Analistas avaliam riscos da viagem de Bolsonaro à Rússia em meio à crise com Ucrânia
O presidente Jair Bolsonaro (PL) embarca na próxima segunda-feira (14) a Moscou, onde deve se encontrar com o chefe de Estado russo, Vladimir Putin, em meio à tensão com a Ucrânia. A justificativa é que o governo brasileiro não quer ceder às pressões dos Estados Unidos — posicionamento visto por analistas políticos como uma situação delicada, com riscos para a postura diplomática do Brasil.
Poucos dias antes da viagem que fará à Rússia e à Hungria, Jair Bolsonaro ouviu de apoiadores religiosos, que o aguardavam do lado de fora do Palácio do Alvorada, nessa quinta-feira (10), uma oração para que cumprisse bem sua "missão de paz" no velho continente.
O semblante do presidente não escondeu certo incômodo: o que ele menos deseja é ter de falar sobre o risco de um conflito armado diante da ameaça, cada vez maior, de um conflito entre Rússia e Ucrânia. Como numa bolha política, o chefe da nação brasileira agirá como se não houvesse nenhuma tensão e o tema só será mencionado se Vladimir Putin decidir abordar a questão.

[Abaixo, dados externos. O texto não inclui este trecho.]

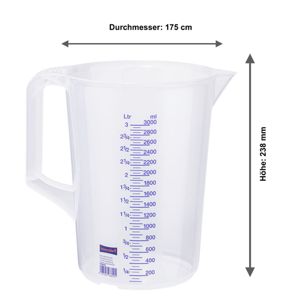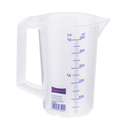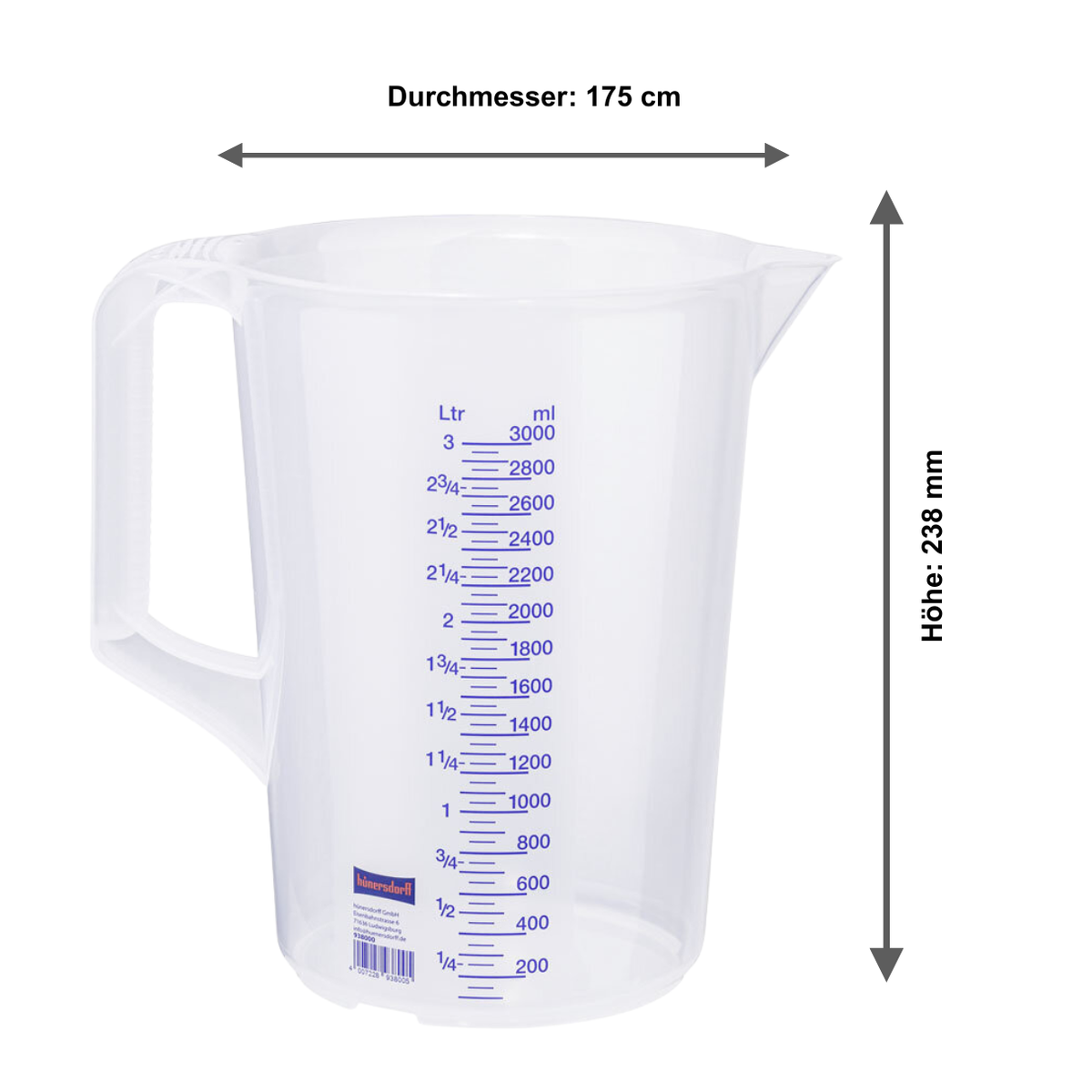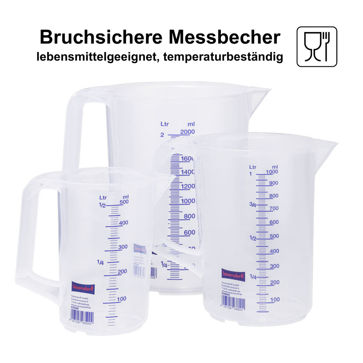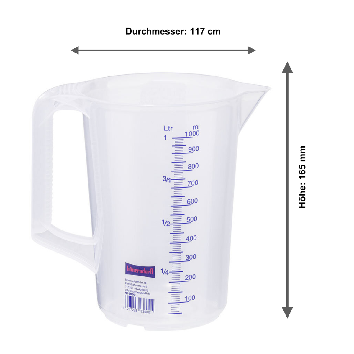 Die Messkanne (Messbecher) aus Polypropylen ist lebensmittelecht und verfügt

Mas qual é a agenda do presidente e de sua comitiva de ministros e empresários, a essa altura do campeonato, no país de Tolstoi e Lênin? E se uma invasão russa acontecer durante a visita? É o que tentam entender analistas políticos e eleitores.

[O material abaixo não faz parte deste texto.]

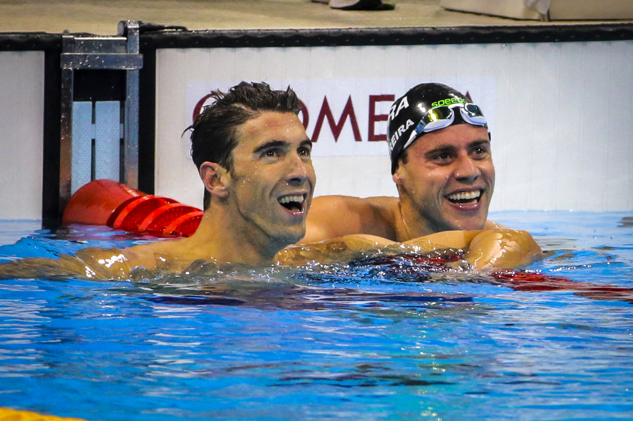 O brasileiro brigará pela medalha nesta quinta-feira (11), por volta das 22h, e terá a difícil tarefa de vencer a lenda do esporte, Michael Phelps, que se classificou com o melhor tempo da prova (1’55″78).
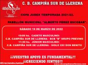 El próximo sábado 19 de marzo de 2022, juegan la COPA JUDEX-FEXB nuestros equipos cadete masculino y júnior masculino, en "LA...
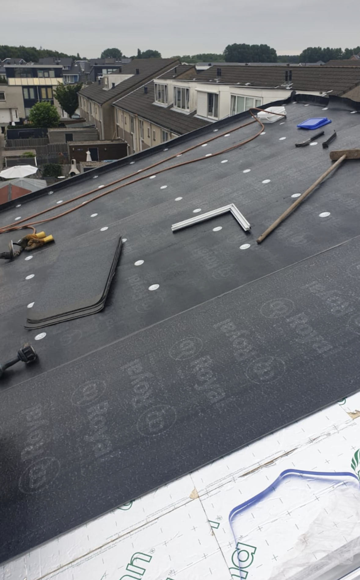 Het vernieuwen van een verouderd bitumen dak, inclusief dakisolatie
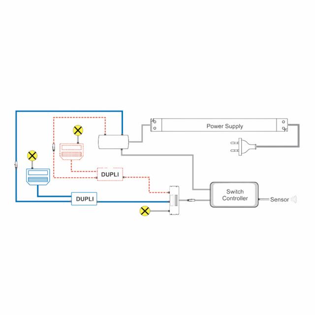 DUPLI er en signaldeler, der udvider D-Motion-styring til flere armaturer og strømforsyninger via én controller.
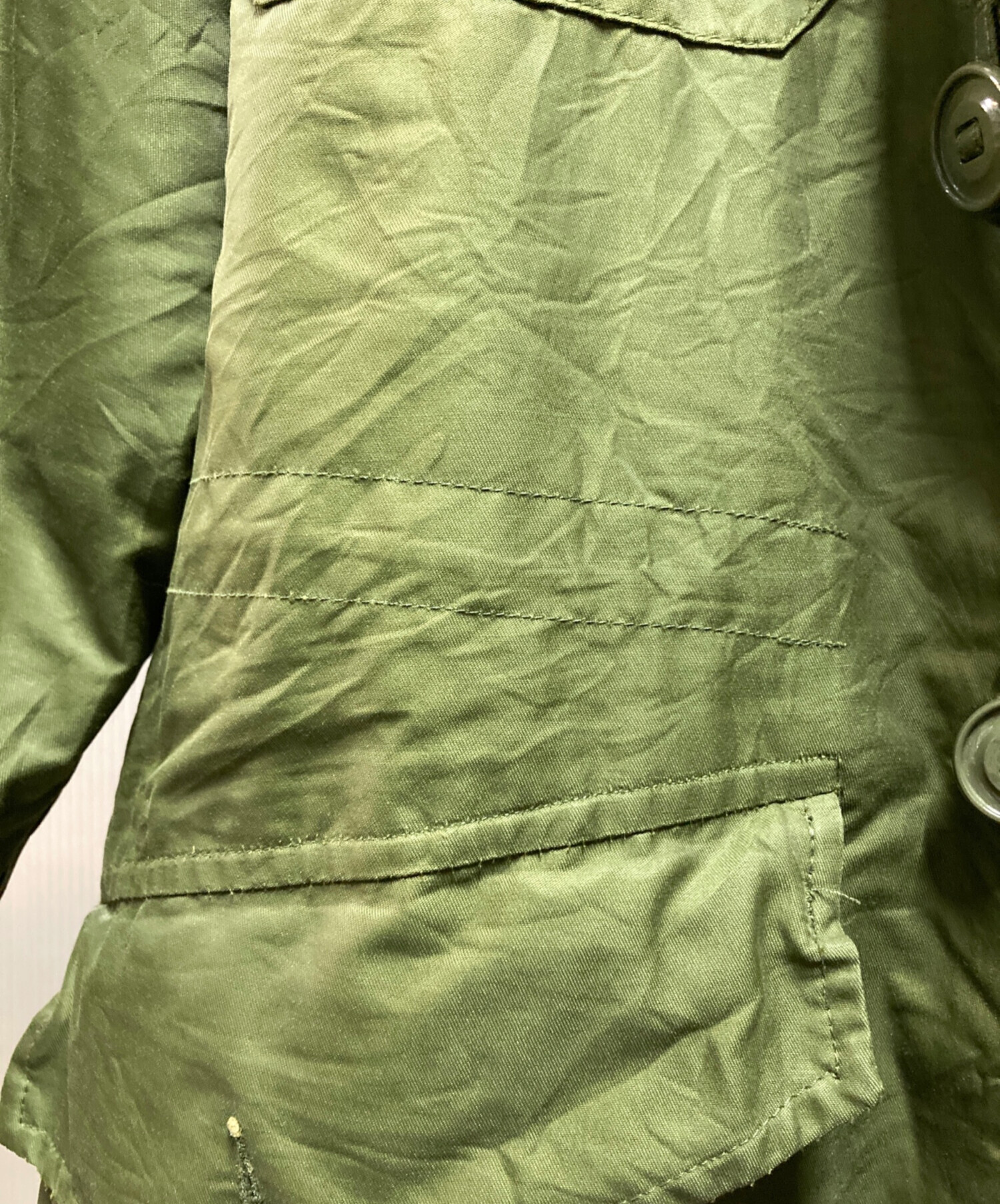 目立つシミや汚れ、におい等がある場合は商品画像や説明文にて極力表記させていただいておりますが、中古品という商品の特性上、全ての瑕疵や不備、洋服直し箇所を撮影・記載をすることは難しくなっております。また、ほとんどのアイテムは店頭と併売しておりますため、出品掲載時からコンディションが変動している場合もございます。あらかじめご了承くださいませ。
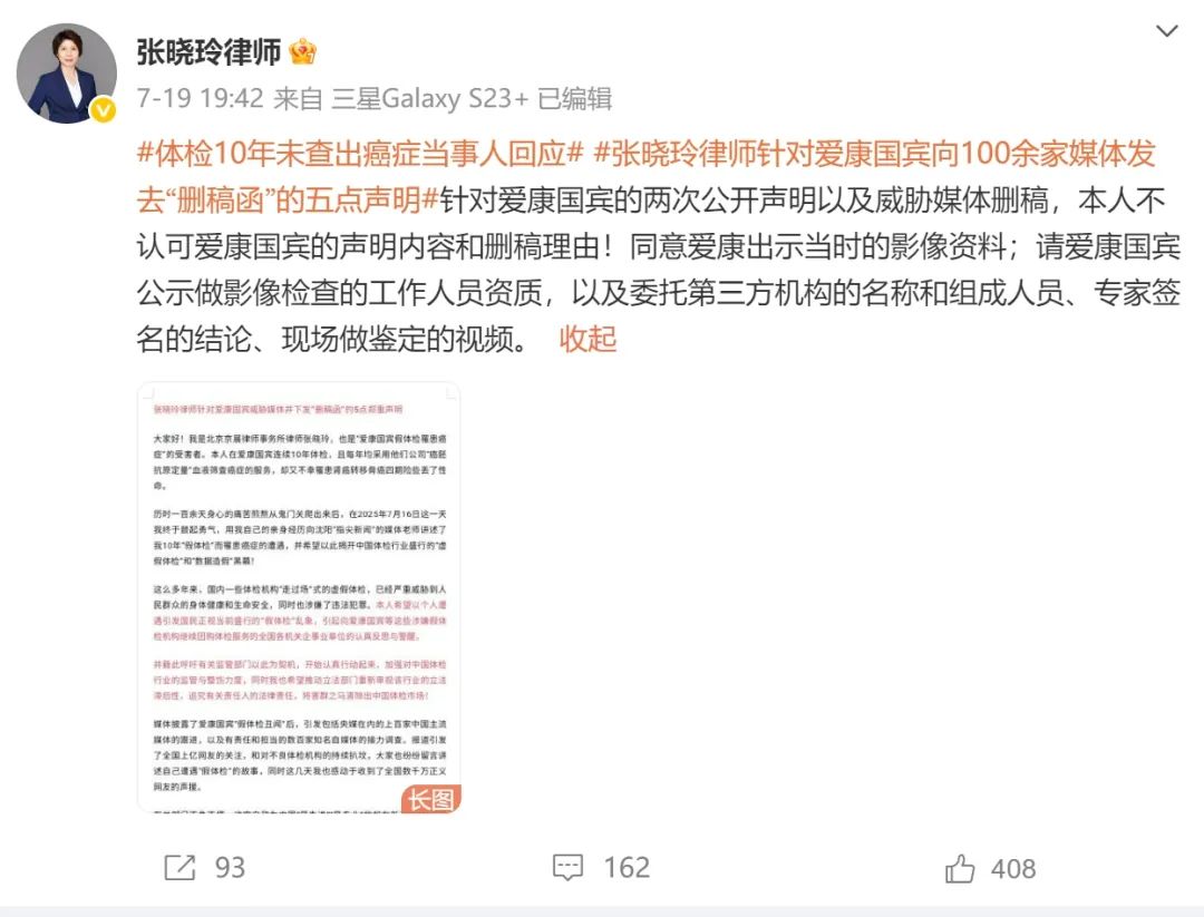 不过,张女士并未等到对方提供的相关证明文件。7月14日,她通过媒体发声,质疑爱康国宾体检涉嫌误检和漏检。

"Ele não tem experiência suficiente, não tem traquejo, não tem conhecimento histórico nem geográfico para se colocar como mediador nesse caso. O que resta para justificar uma viagem como essa é de que se trata de um discurso voltado para seus eleitores", afirmou à RFI Brasil William Gonçalves, professor de Relações Internacional da UFRJ. "Mas mesmo isso não me parece capaz de render frutos. Não vejo alguém disposto a votar em Bolsonaro, a apoiar sua reeleição porque ele foi visitar Putin. Então parece mais uma iniciativa caprichosa sem nexo algum, sem racionalidade alguma por parte do presidente que, um dia sim o outro também, dá um tiro no próprio pé", reitera.
A visita de Bolsonaro à Rússia foi negociada no fim do ano passado e a informação nos bastidores do governo é de que, apesar do clima de guerra, o presidente não cancelou a viagem para demonstrar que não cedeu aos apelos dos Estados Unidos de Joe Biden.

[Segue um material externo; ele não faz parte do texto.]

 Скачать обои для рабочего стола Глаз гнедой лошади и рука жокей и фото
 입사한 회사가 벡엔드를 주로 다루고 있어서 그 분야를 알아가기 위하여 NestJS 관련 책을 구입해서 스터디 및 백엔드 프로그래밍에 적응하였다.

O Itamaraty tentará passar a imagem de um encontro de interesses bilaterais, citando por exemplo a importância do agrotóxico russo para a agricultura brasileira. Mas tem treinado o presidente para que não escorregue nas palavras porque sabe que não poderá controlar todas as perguntas sobre temas mais espinhosos.
Neutralidade
O embaixador Rubens Barbosa falou à RFI que o Brasil já expôs sua posição publicamente sobre o embate entre Moscou e Kiev, mas isso não vai necessariamente livrar Bolsonaro de situações delicadas no campo diplomático durante a viagem.
"O governo brasileiro já se pronunciou no Conselho de Segurança da ONU a favor de uma solução negociada. Então o Brasil já definiu sua posição de neutralidade nessa questão. Claro que existe um risco. O primeiro risco é de haver um ato militar russo na Ucrânia no meio da visita de Bolsonaro, o que eu, particularmente, não acredito. Acho que há chances de uma negociação diplomática. O segundo risco é o de Bolsonaro falar algo por lá que pode ser interpretado como a favor da Rússia", completa.
Sem Trump, vai de Putin, parece ser a saída encontrada por Bolsonaro para mostrar que não está isolado mundialmente e que há similares de seu perfil. Jogando para sua claque, o presidente ainda vai à Hungria do ultra direitista e conservador Viktor Orbán.
Gestão perdida
Mas para o analista William Gonçalves, apesar da convergência em alguns temas de costume, Putin é um líder nacionalista forte em seu país, ainda que pesem várias críticas relativas a seu modo de governo. Já Bolsonaro, diz ele, tem uma gestão perdida em muitas frentes, especialmente nas relações exteriores.
"Se fosse para o Brasil ser aliado da Rússia, deveria o Brasil ter-se mantido no Brics. O Brasil criou esse bloco ao lado da China e da Rússia. Mas diante das divergências com esses países, o Brasil se afastou e hoje só participa do bloco formalmente, sem qualquer unidade de pontos de vista. Essa unidade em tese existia com Donald Trump", diz. "Mesmo assim, enquanto a política externa de Trump tinha alguma razão de ser para uma parte dos americanos, a política externa de Bolsonaro não tem nenhuma. Diria até que o Brasil hoje está sem política internacional. Ninguém sabe onde queremos chegar, quais nossos parceiros principais, nossos objetivos", lamenta.